Not a rumor, but a clarification. I was wondering how clean laundry was obtained. Many pieces of laundry are stained or ripped and staff either throw it away or in the dirty laundry bin. If laundry is being rented by the weight I feel that this is a huge discrepancy in what the hospital is paying and could be costing a lot of money. If this is the case, staff need to be notified how to handle stained or worn laundry.
Answer: Torn, lost and stained linen products are replaced on a cost-per-piece basis, not by weight. The payment process for lost, stained or damaged linen is based on losses accrued during  a six-month period. This accounting is accomplished through a semiannual wall-to-wall inventory. The medical center’s annual linen replacement costs are consistent with the national average of 12 percent of the linen processing costs.

Ambulances on Jonathan Lucas
Why do the ambulances, when arriving to the hospital, blare their sirens over and over again. There were no cars or vehicles in front of them either. This is really noisy, not just  for the patients who need peace and quiet, but for the employees in the Clinical Sciences Building.
Answer: S.C. state law requires ambulance sirens to be on when their lights are on. Lights are on at the EMS crew’s discretion based on patient acuity and urgency for definitive treatment. Given MUHA’s status as the only Level 1 Trauma Center in the Lowcountry, it would stand to reason the number of critical patients arriving at MUSC's emergency department is somewhat frequent.

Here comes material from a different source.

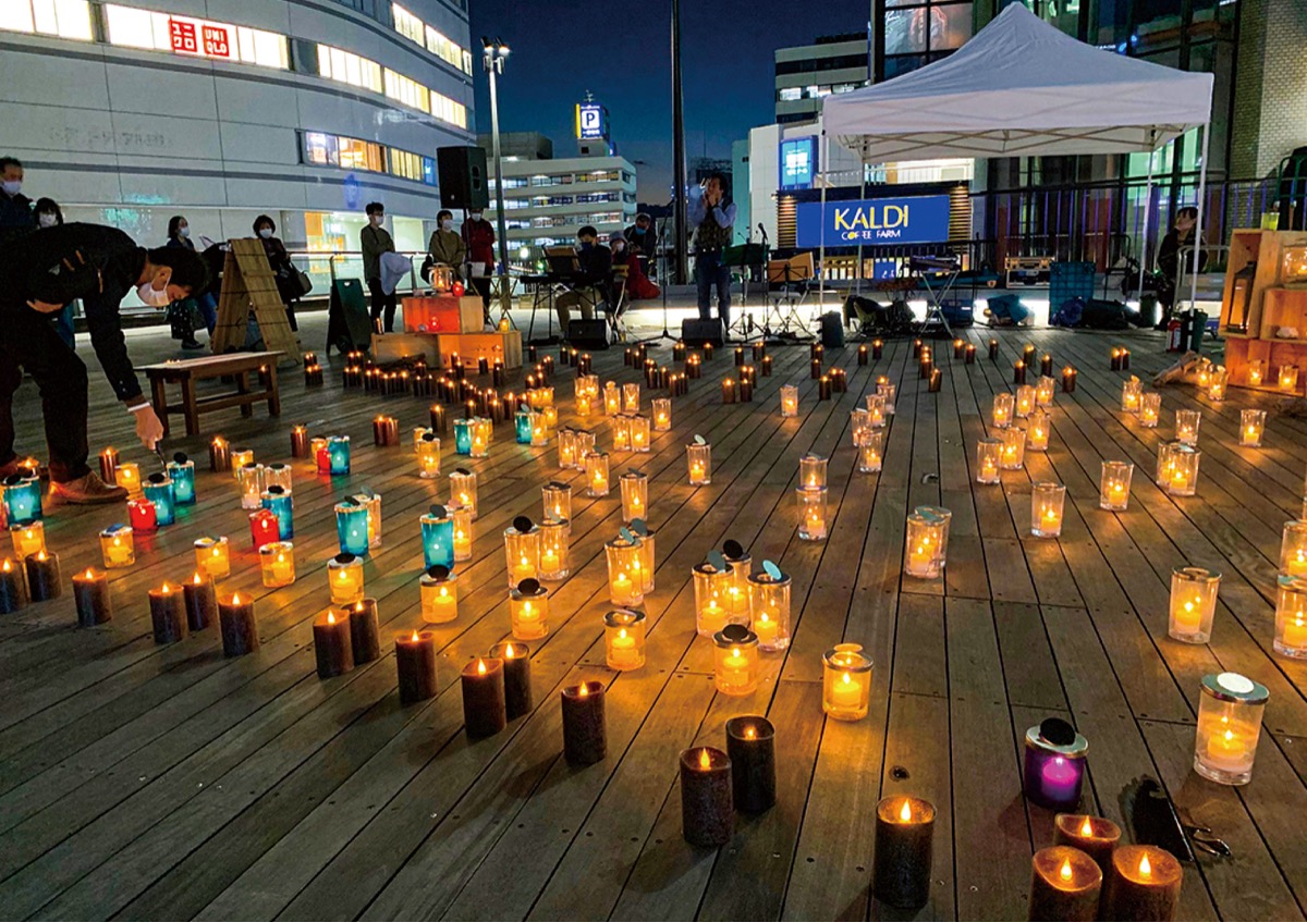 藤沢駅北口のサンパール広場で約400基のキャンドルが幻想的な雰囲気を演出している。江の島サムエル・コッキング苑で開催中の「湘南キャンドル」(〜11月7日)のサテライトイベントで、きょう29日まで。

Rutledge Tower parking/night shift
In response to several postings regarding night shift parking in the Rutledge Tower Parking Garage.
Answer: The decision was made some time ago to allow night shift personnel to park in garages that are not in heavy demand at night. This decision was made for several reasons:
  • This provides a safe location to park and does not require as much security since the majority of the night staff is located in one facility close to the University Hospital
  • The parking option is an incentive to obtain staff to work the less desirable night shift schedule.
  • Night shift staff pay $20 per year for a hangtag, which allows them limited access to the garage. They cannot enter the garage before 4:30 p.m. each day. This is different for those who pay on a monthly basis. Those employees can enter or exit the garage at any time.
  • CARTA service is not available for those who work night shift.
  • Many of the services provided to day shift personnel are not  available at night. They have fewer food options and less access to services provided to day shift employees.
Employees who park in the MUSC garages are not designated a specific parking spot or floor within the garage.

Blankets on beds
Why doesn't Environmental Services put blankets on beds after they clean a room when 99.9 percent of patients need blankets. Is there a logical reason for this?
Answer: Thank you for your suggestion. It is being pursued.